**Collected data:**
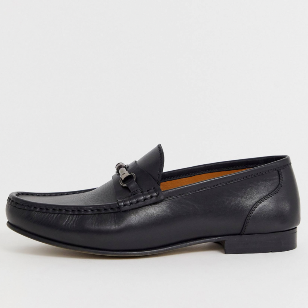 ASOS CLASSC LOAFERS FOR MENحذاء لوفر جلد كلاسيك رسمي للرجال من اسوز باللون الأسودمع تفاصيل انيقةاصلي 100%
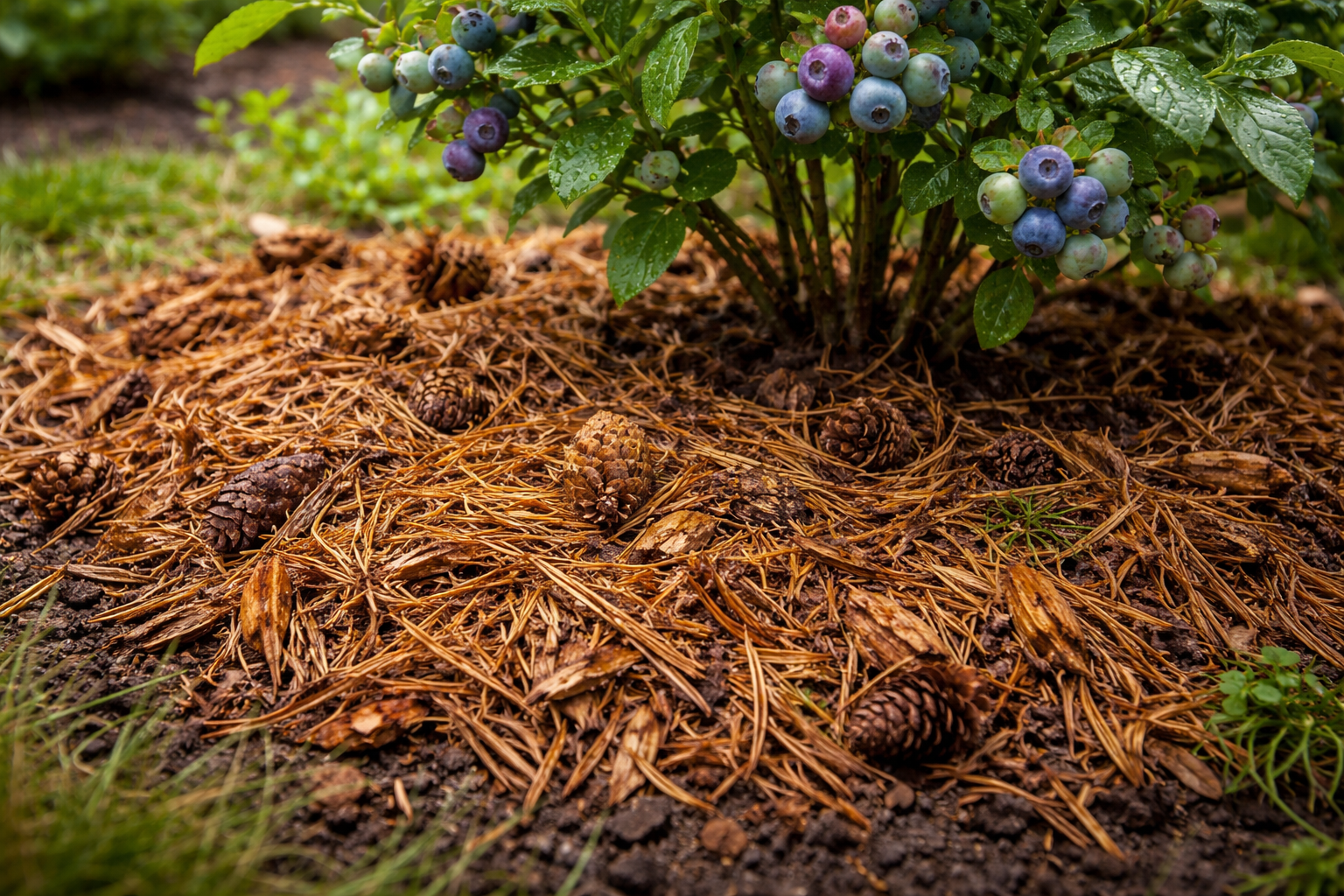 ”En viktig nyans: om du använder färska, ljusgröna fallna barr, se till att tillsätta lite kvävegödsel under buskarna, eftersom färska barr tillfälligt kan ta kväve från jorden när de bryts ned.”
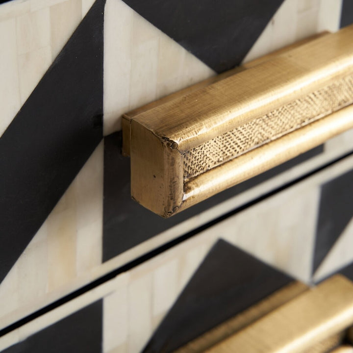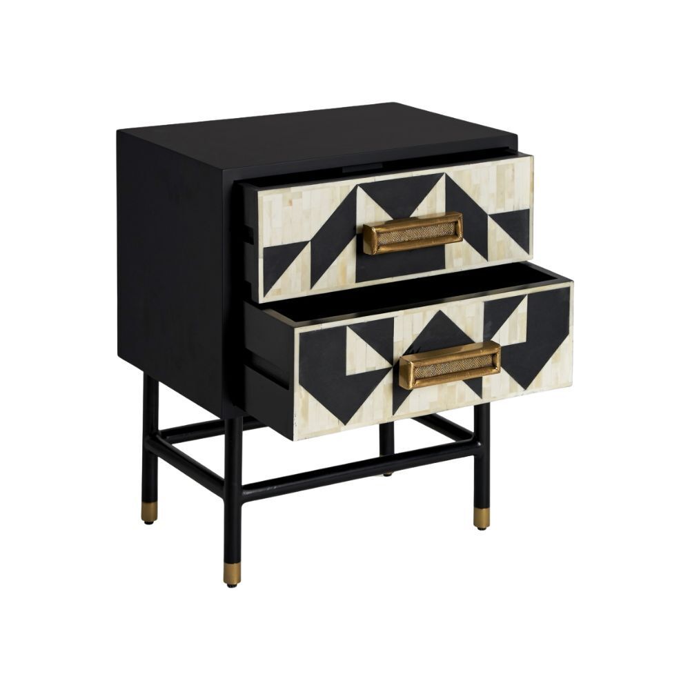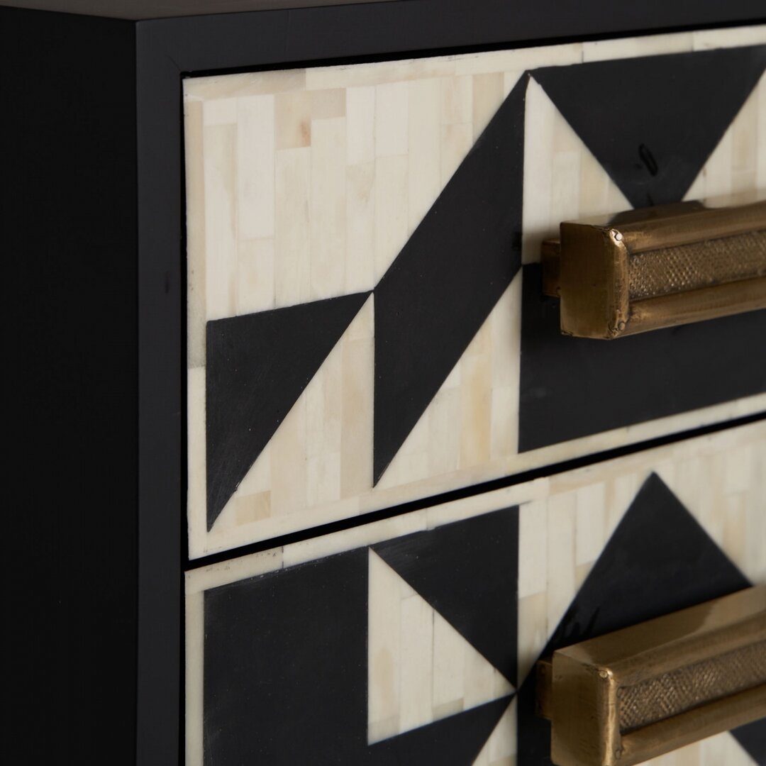 Un complemento d’arredo dallo stile Art Déco raffinato ed esclusivo, perfetto per aggiungere un tocco di eleganza e carattere alla zona notte o al soggiorno. Realizzato artigianalmente in ferro nero, è impreziosito da dettagli in osso bianco intarsiato, che creano un affascinante contrasto geometrico e donano un look sofisticato e lussuoso. La struttura solida garantisce resistenza e stabilità, mentre i cassetti spaziosi offrono un pratico spazio contenitivo per organizzare piccoli oggetti con stile. Ogni pezzo è unico, grazie alla lavorazione artigianale e alle naturali variazioni del materiale. Perfetto per ambienti in stile Art Déco, moderno o eclettico, si abbina splendidamente a mobili in metallo dorato, legno scuro o tessuti pregiati. Un elemento distintivo che unisce funzionalità e design senza tempo.

**Task description:**
Retype each line of the data exactly, beginning with the first; include the line containing "viktig nyans: om" and stop there, skipping every picture.

**Expected answer:**
 ASOS CLASSC LOAFERS FOR MENحذاء لوفر جلد كلاسيك رسمي للرجال من اسوز باللون الأسودمع تفاصيل انيقةاصلي 100%
 ”En viktig nyans: om du använder färska, ljusgröna fallna barr, se till att tillsätta lite kvävegödsel under buskarna, eftersom färska barr tillfälligt kan ta kväve från jorden när de bryts ned.”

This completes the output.